I am a huge fan of bestselling author, lecturer and teacher Louise Hay. I recently picked up her little pocket guide called Heal Your Body. She says, “I’ve learned that for every condition in our lives, there’s a need for it. Otherwise, we wouldn’t have it. The symptom is only an outer effect. We must go within to dissolve the mental cause. This is why willpower and discipline don’t work. They are only battling the outer effect. It’s like cutting down the weed without getting the root out.”

Louise teaches that the first step to getting rid of trouble with our body, mind and spirit is our willingness to get to the root of our issues. What’s really going on under the surface? What limiting beliefs are causing dis-ease in our systems? She mentions 4 biggies that really wreak havoc in our systems. Those are criticism, anger, resentment and guilt. It’s possible that you have these mental thought patterns and don’t even realize it. 95-99% of our feelings are subconscious. How do you know if you have limiting beliefs? Look for symptoms, aka weeds. How you feel is the perfect feedback system to nudge you to take a internal look at things. Ignore it and those weeds grow huge and seed and the dis-ease gets worse.

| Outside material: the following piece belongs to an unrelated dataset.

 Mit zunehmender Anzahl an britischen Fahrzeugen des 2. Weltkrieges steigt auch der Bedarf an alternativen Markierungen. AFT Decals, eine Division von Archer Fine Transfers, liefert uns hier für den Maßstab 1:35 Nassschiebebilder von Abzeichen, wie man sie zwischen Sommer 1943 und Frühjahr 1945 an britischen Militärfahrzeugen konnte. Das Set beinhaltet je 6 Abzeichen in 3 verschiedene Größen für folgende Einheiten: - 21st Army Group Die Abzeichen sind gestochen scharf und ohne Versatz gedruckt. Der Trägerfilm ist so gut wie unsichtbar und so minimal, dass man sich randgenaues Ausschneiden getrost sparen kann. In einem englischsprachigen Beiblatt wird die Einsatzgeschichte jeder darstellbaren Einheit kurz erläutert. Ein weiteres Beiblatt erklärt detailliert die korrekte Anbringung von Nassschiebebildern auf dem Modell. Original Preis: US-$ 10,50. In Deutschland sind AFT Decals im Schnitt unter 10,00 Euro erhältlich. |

I’ve always had lots of “weeds” in the form of physical pain. I typically don’t think things, I feel them in my body. I don’t know what is going on besides I hurt. I must dig deep to figure out what’s really going on. Louise’s little pocket guide is so helpful because it can clue you into your symptom and give you a possible limiting belief that may be causing your issue and a new beliefs statement you can make your own instead of the limiting belief that might be festering in your subconscious.

I’ve recently found that I’ve moved from annoyed to grateful that my system has a way to tell me, “HEY, there is something going on you need to spend some time on.” In the past, I’d just plow through life not knowing what I needed to change. About 6 months ago I hurt my right should weight lifting. It was almost better and then started hurting again. Knowing my pattern of pain, I’ve been seeking answers. Yes, I’m seeing a chiropractor etc. to make sure everything is structurally aligned which it is so now what? We dig deeper into the mind.

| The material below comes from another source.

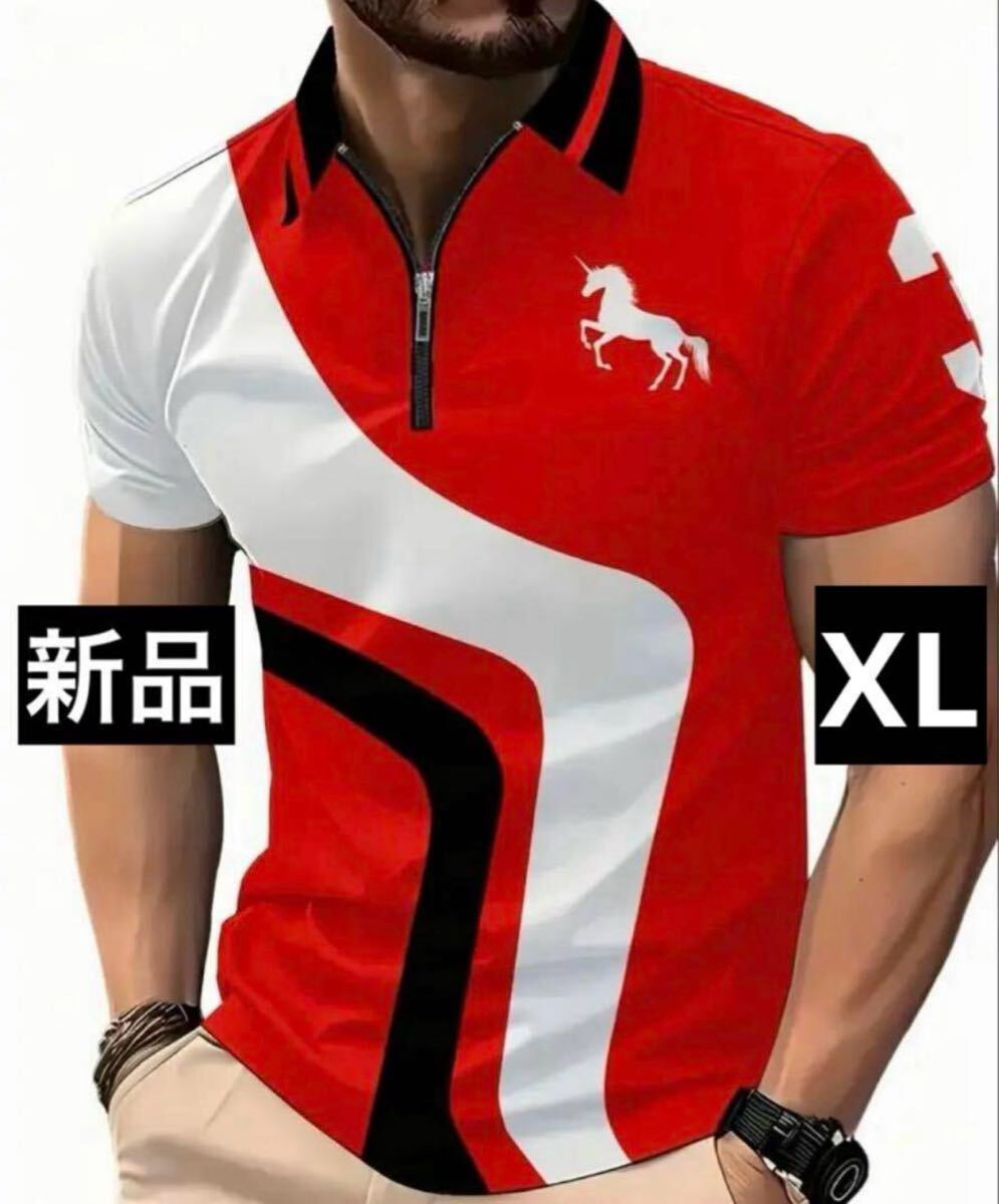 - 【新品/XLサイズ】ゴルフウェア メンズ 半袖 ポロシャツ ハーフジップ 赤白

Today during yoga, I could not do eagle pose, chaturanga hurt and even warrior 2 holding my arm out to the side hurt my shoulder. Very unlike the rest of my life, today, I felt grateful for the pain. Grateful my body has a message to share with me. I’m grateful for the opportunity I must spend more time with myself and learn. I’m thankful for the life experience to know that my shoulder won’t hurt forever. This is temporary. I love myself and my body as I am and as I change. I am bigger than my pain. The pain I feel is not me.  I am not pain. I am Jenny and I’m thankful for me.

What pain have you experienced that you are now thankful for? Was there a message or lesson you learned from your pain?